§ **TASK BRIEF**:
Whenever a picture appears in the listing below, leave it out, and copy exactly the lines from the one containing "다음은 SQL문을 이용해서 테이블을 생성하겠습니다." through the end.

--------

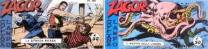 Poi uBC ha lanciato le Short Review… e di colpo ho trovato la soluzione a tutti i miei dubbi: questo nuovo formato era perfetto per la nuova rubrica che avevo in mente! Ho così aspettato qualche settimana per vedere se questi pezzi brevi o brevissimi stavano carburando, mentre nel frattempo abbozzavo alcuni articoli che costituissero una riserva da cui attingere. E quando, con una curiosa coincidenza, la ristampa in volume di una particolare storia di Zagor è apparsa in libreria, non ho avuto più dubbi e ho proposto la mia nuova rubrica al direttore. Sto parlando del classico di Nolitta & Ferri Il mostro della laguna, la cui prima pubblicazione risale in realtà agli anni ’60 (prima nel formato a striscia, poi nella collana mensile) ma a cui è legato un mio ricordo personale dei primi anni ’70 come scoprirete leggendo il primo articolo di questa nuova rubrica. Sappiate fin d’ora che non ci troverete analisi approfondite sul fatto che è il punto d’inizio della “prima trasferta” zagoriana, o che i due autori sfornano un risultato eccellente grazie a personaggi perfettamente calibrati (il malvagio Nilsen, il monomaniaco Lookford…) e a disegni stratosferici: per quello rimando all’introduzione del volume – a cura di Graziano Frediani e Luca Barbieri – o all’analisi di Moreno Burattini nel suo blog Utili sputi di riflessione. Il mio ricordo è molto più breve, più personale, più “appassionato”, come scoprirete qui – e come succederà per i prossimi articoli, in formato Short Review, dedicati a questi mitici anni ’70 . Buona lettura.
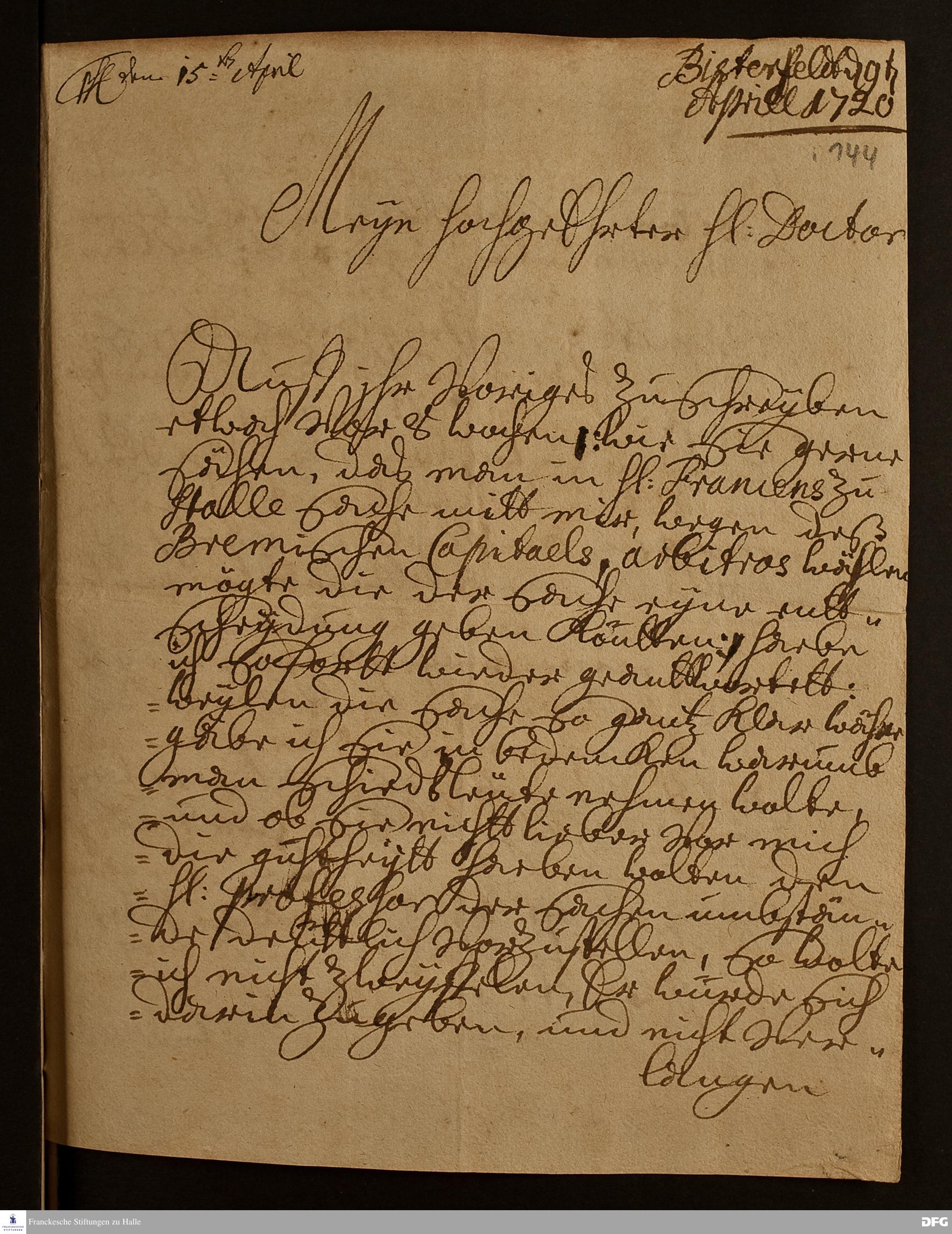 Brief von Rudolf Ferdinand zur Lipe-Biesterfeld an August Hermann Francke.
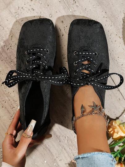 女士春秋新款黑色花卉印花系带方头轻便奢华时尚百搭走秀派对韩版休闲鞋平底秋季户外度假仙女复古法式简约平底乐福鞋 - 黑色 - 查看 1
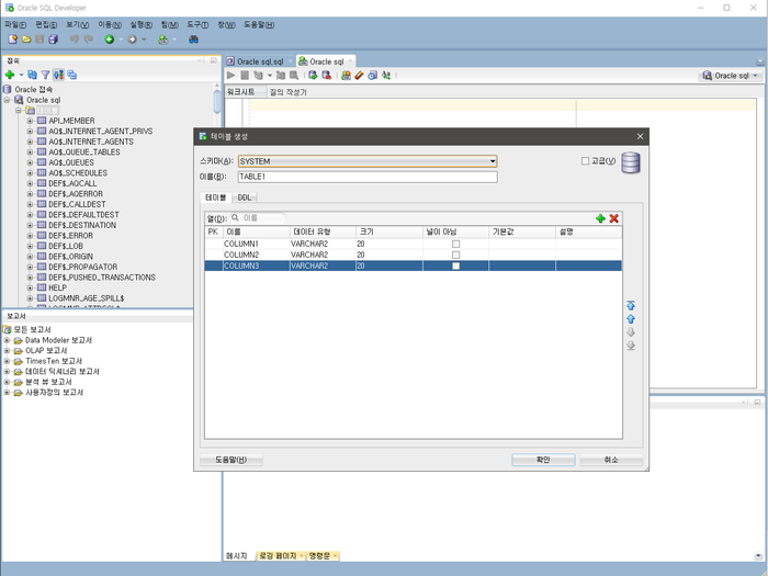다음은 SQL문을 이용해서 테이블을 생성하겠습니다.
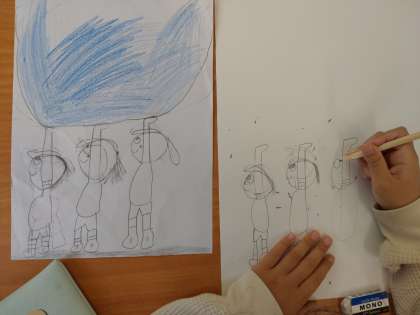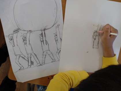 大玉送りの絵 公開日 2022/11/04 更新日 2022/11/04 お知らせ 2年生は図画工作科で「大玉送りの絵」を描きます。1組では前時までに下描きを描き終え、本時で画用紙に本格的に描き始めます。先生から「手(腕)・体・顔・足・大玉」の順に描くように指導がありました。描き始める手を大きく描くと、その後に続いて描く体や顔も自然と大きくなるからです。 下描き以上にダイナミックな大玉送りの絵になってほしいと思います。 いいね(0)
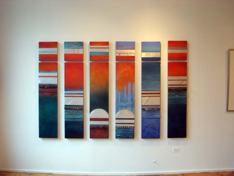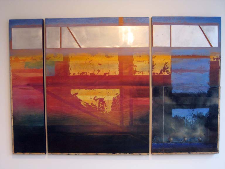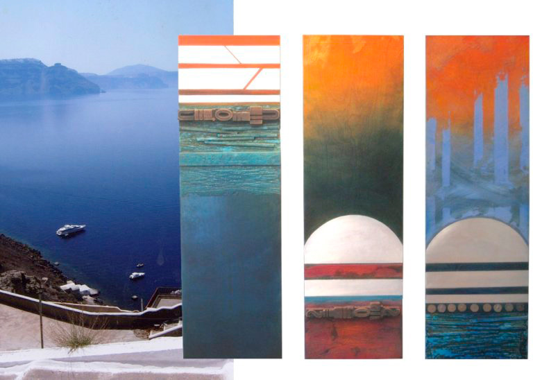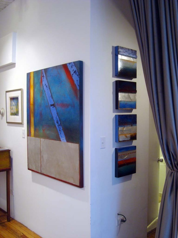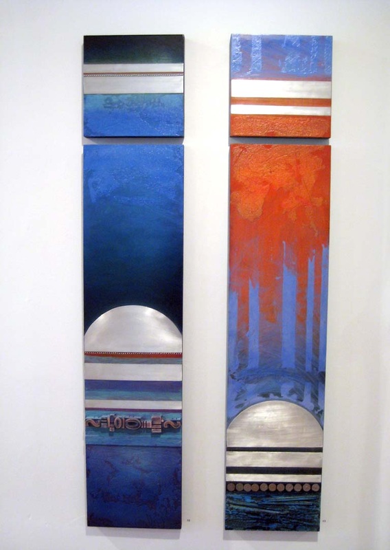 The paintings and collages in this show are created with textures and layers of information built up through additions and subtractions, incorporating marble dust, sand, metal, acrylic and numerous translucent layers of oil. The surfaces of weathered wood works, and the gentle softness of yearly repainted houses, intrigue me, as well as the constantly varying blues of the water, the magnificent sunsets, and the brilliant colors of the fauna, which all contribute to my choices of colors.

--------

§ **RESULT**:
다음은 SQL문을 이용해서 테이블을 생성하겠습니다.
 大玉送りの絵 公開日 2022/11/04 更新日 2022/11/04 お知らせ 2年生は図画工作科で「大玉送りの絵」を描きます。1組では前時までに下描きを描き終え、本時で画用紙に本格的に描き始めます。先生から「手(腕)・体・顔・足・大玉」の順に描くように指導がありました。描き始める手を大きく描くと、その後に続いて描く体や顔も自然と大きくなるからです。 下描き以上にダイナミックな大玉送りの絵になってほしいと思います。 いいね(0)
 The paintings and collages in this show are created with textures and layers of information built up through additions and subtractions, incorporating marble dust, sand, metal, acrylic and numerous translucent layers of oil. The surfaces of weathered wood works, and the gentle softness of yearly repainted houses, intrigue me, as well as the constantly varying blues of the water, the magnificent sunsets, and the brilliant colors of the fauna, which all contribute to my choices of colors.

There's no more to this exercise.